The legal framework for native title claims are complex. Identifying and assessing the evidence for proving native title is an involved process that can often result in lengthy timeframes for determinations.

To reduce this complexity, the Government announced a review of the Native Title Act 1993 on 3 August 2013, the year marking its twentieth anniversary. The then Attorney-General, Mr Mark Dreyfus QC, and the Minister for Families, Community Services and Indigenous Affairs, the Hon. Jenny Macklin MP, announced terms of reference for an Australian Law Reform Commission (ALRC) inquiry into specific areas of native title law, following the release of draft terms of reference for public consultation in June 2013.

The two specific areas to be considered were:

  • connection requirements, and
  • authorisation and joinder provisions of the Native Title Act 1993 (these provisions can significantly affect the timely and effective resolution of native title claims).

The Law Council has now responded to the second consultation document, a Discussion Paper released by the ALRC, where the ALRC made a number of proposals and asked a series of questions on the definition of Native Title, connection requirements, and authorisation provisions contained in the Native Title Act.

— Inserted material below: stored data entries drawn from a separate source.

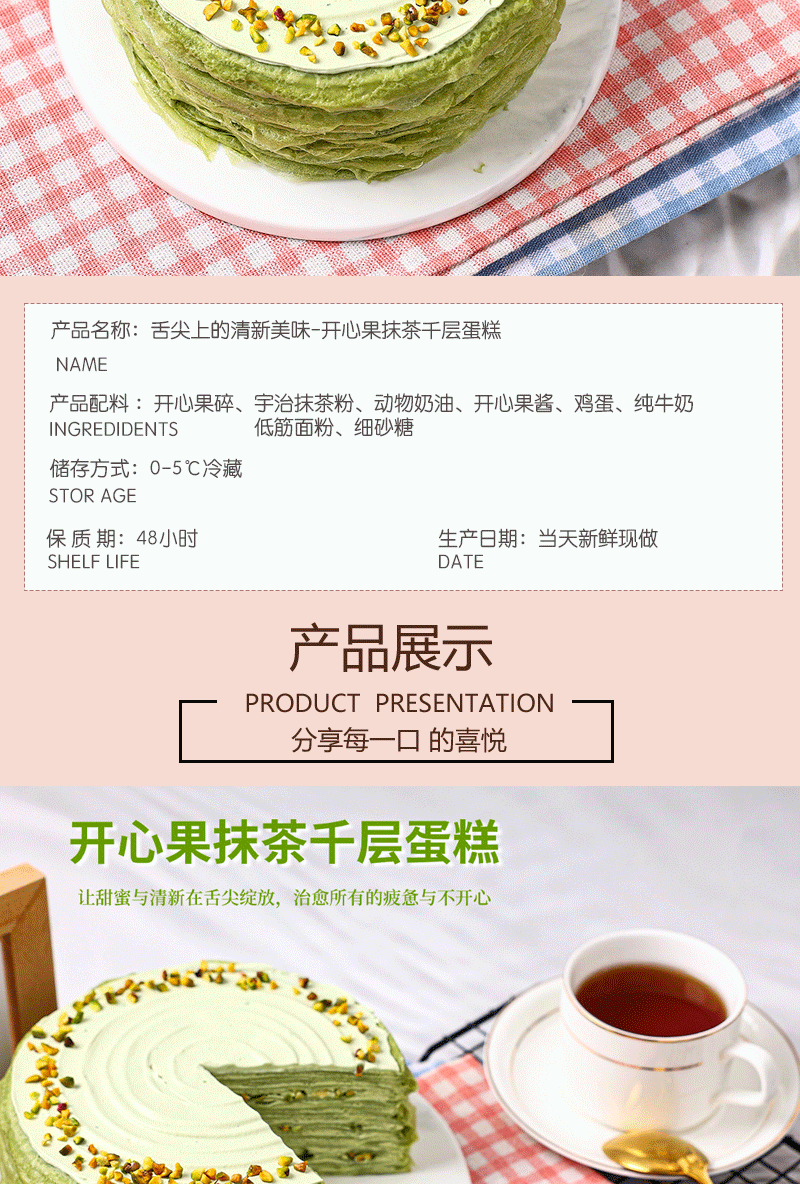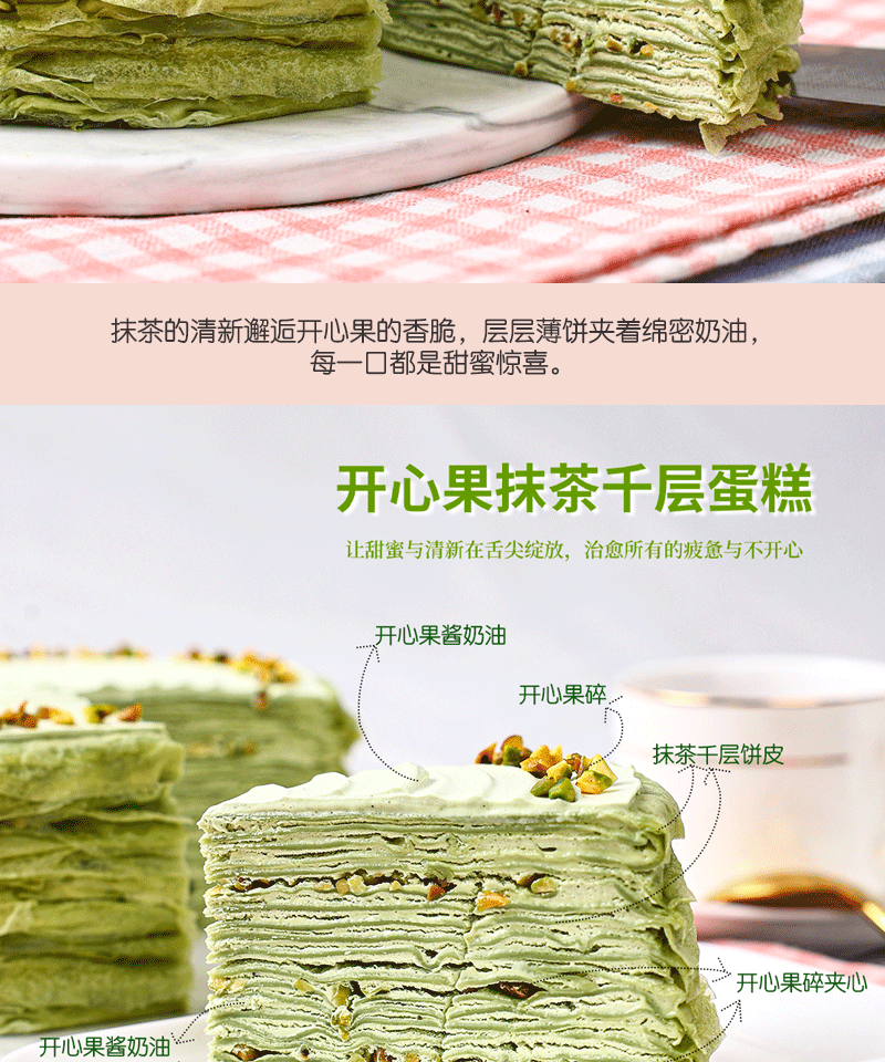【清新爆款】开心果抹茶动物奶油千层蛋糕 | 一口开启春日绮梦【惠州】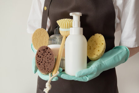 Person wearing gloves and apron holding natural sponges, bamboo brush, and soap bottles for cleaning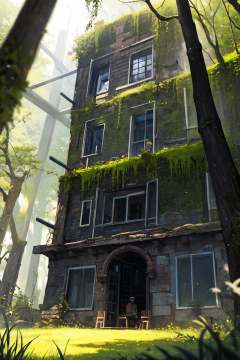 scenery, hat, building, window, city, outdoors, standing, ambiguous gender, coat, multiple boys, boots ,ruins, overgrown, scenery, sunlight, tree, outdoors, light rays, nature, grass, moss, blurry, post-apocalypse, forest, depth of field, sunbeam, building, day, plant, blurry foreground, sitting, artist name //////////////////////, <lora:﷿丽的光影:0.2>,<lora:add_detail:0.35>, <lora:adaptedmodel:0.35>

Currently, claimants bear the persuasive burden of proving continuous connection with land and waters. A presumption of continuity reduces the burden on claimants to establish the elements necessary to prove the existence of native title, and places some of that burden on state and territory respondents. A presumption of continuity is rebuttable by evidence to the contrary. The ALRC did not propose that there be a presumption of continuity. Instead it proposed a number of amendments to the definition of native title to reduce the technicality and complexity of establishing native title rights and interests. However, the Law Council submitted that a presumption of continuity, rebuttable by evidence to the contrary, would significantly reduce the time and cost of native title proceedings. The Law Council noted that a presumption of continuity could not apply to overlapping claims.

In the Discussion Paper, the ALRC asked whether a system for the training and certification of legal professionals acting in native title matters should be developed. The Law Council strongly opposed any further regulation of lawyers. Legal practitioners are already subject to comprehensive regulation from a range of sources, including statute, regulations, statutory rules, professional conduct rules and supervision by the court. The Law Council made a detailed submission in response to the Deloitte Access Economics Review of Native Title Organisations on this issue in October 2013.

The Law Council does not oppose a voluntary accreditation scheme but considers that such a voluntary accreditation scheme for native title lawyers is not feasible for a number of reasons including the smaller number of legal practitioners operating in the native title area.

The ALRC is expected to report by March 2015.